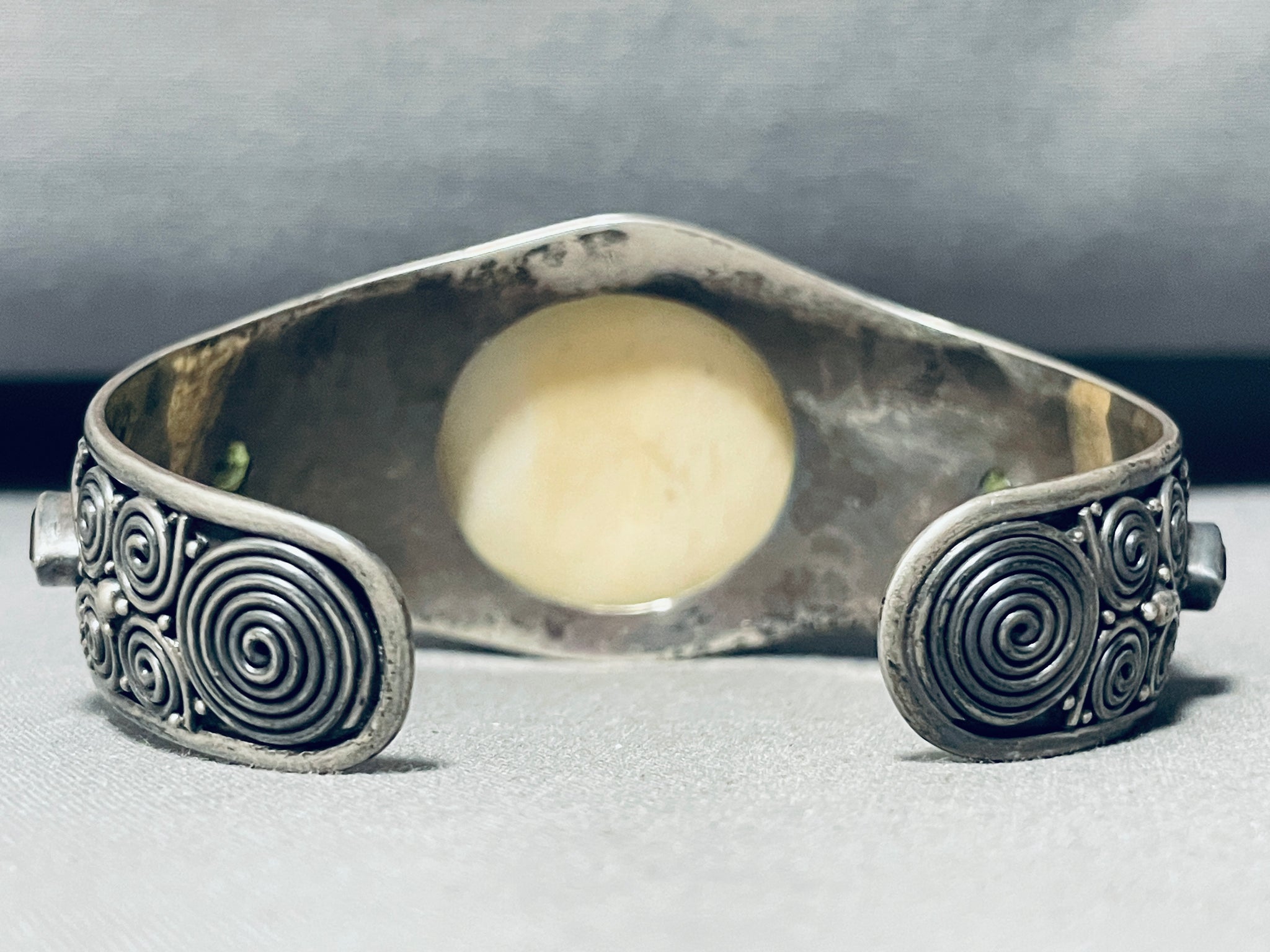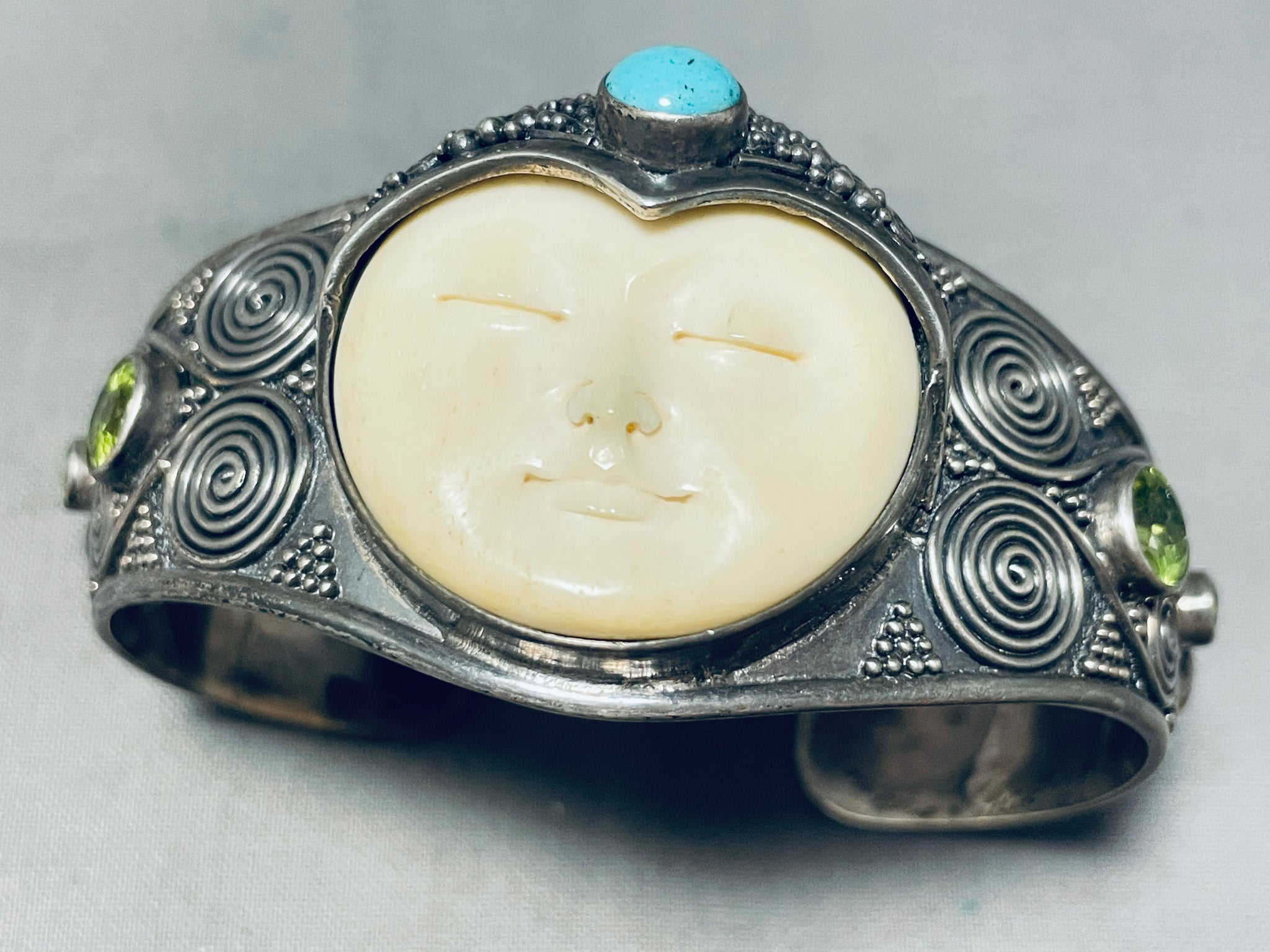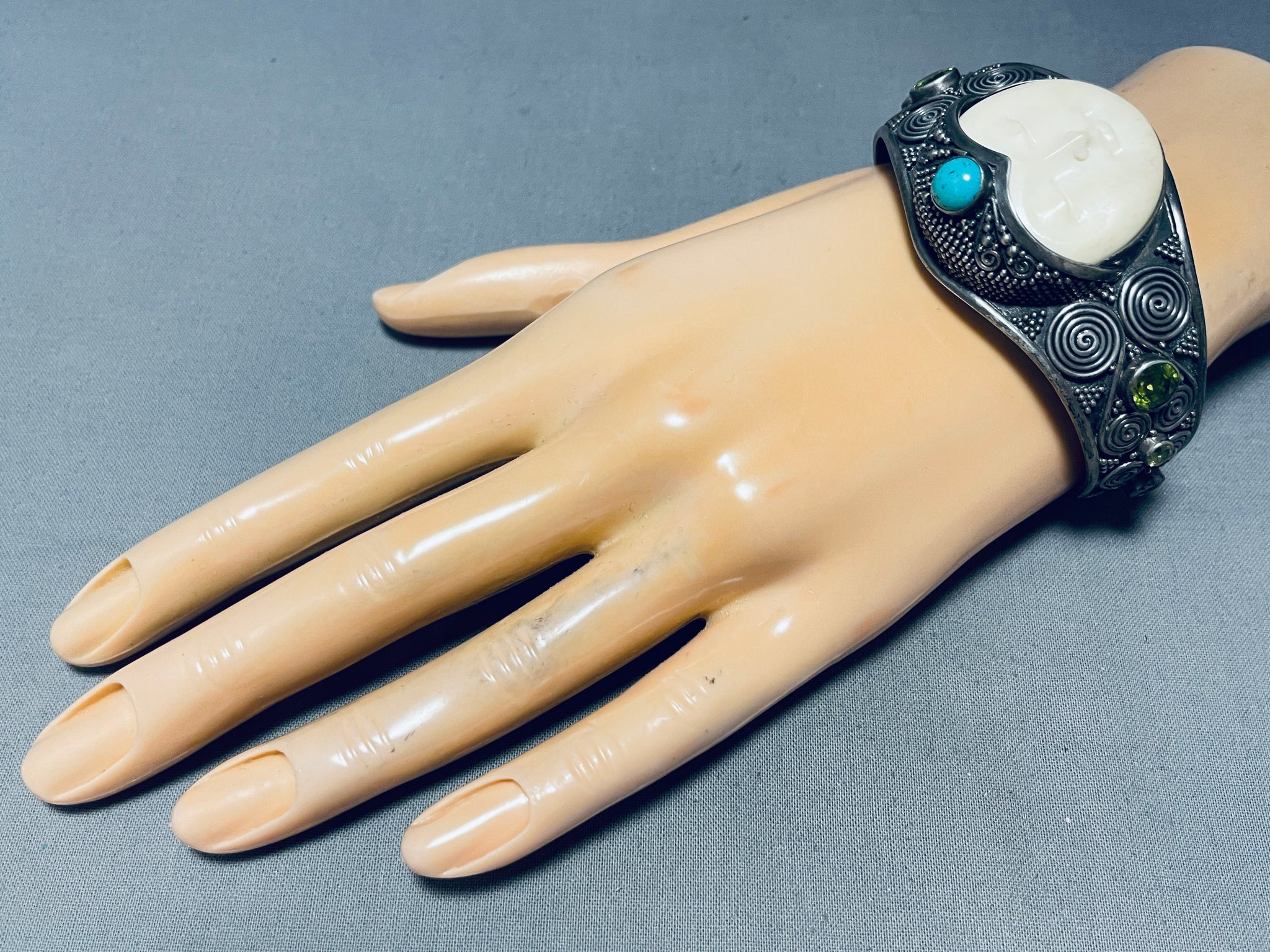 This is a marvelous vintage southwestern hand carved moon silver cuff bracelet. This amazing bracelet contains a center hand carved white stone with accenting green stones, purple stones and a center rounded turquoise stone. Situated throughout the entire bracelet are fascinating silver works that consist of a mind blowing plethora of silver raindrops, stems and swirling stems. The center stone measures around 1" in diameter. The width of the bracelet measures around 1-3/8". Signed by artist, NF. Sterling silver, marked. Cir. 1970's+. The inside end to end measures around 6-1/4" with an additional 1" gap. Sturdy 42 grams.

____________

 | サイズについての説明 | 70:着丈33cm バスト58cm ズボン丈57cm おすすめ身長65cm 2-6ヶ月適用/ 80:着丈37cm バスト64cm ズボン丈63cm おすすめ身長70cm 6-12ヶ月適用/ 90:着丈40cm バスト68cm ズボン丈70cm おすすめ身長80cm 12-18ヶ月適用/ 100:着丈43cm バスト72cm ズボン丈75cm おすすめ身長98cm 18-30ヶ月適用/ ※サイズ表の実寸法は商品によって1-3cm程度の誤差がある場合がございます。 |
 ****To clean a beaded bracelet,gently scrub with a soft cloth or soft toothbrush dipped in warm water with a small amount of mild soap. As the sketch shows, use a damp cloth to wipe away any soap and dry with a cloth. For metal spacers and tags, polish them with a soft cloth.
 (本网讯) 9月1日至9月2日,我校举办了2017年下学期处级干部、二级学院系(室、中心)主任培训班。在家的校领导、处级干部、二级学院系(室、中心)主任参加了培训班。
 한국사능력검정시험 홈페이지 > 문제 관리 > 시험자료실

____________

### [TASK STATEMENT]
Your answer should consist only of the lines above between the line holding "(本网讯) 9月1日至9月2" and the line holding "한국사능력검정시험 홈페이지 > 문제 관리 > 시험자료실", inclusive, each transcribed exactly.

### [RESULT BELOW]
 (本网讯) 9月1日至9月2日,我校举办了2017年下学期处级干部、二级学院系(室、中心)主任培训班。在家的校领导、处级干部、二级学院系(室、中心)主任参加了培训班。
 한국사능력검정시험 홈페이지 > 문제 관리 > 시험자료실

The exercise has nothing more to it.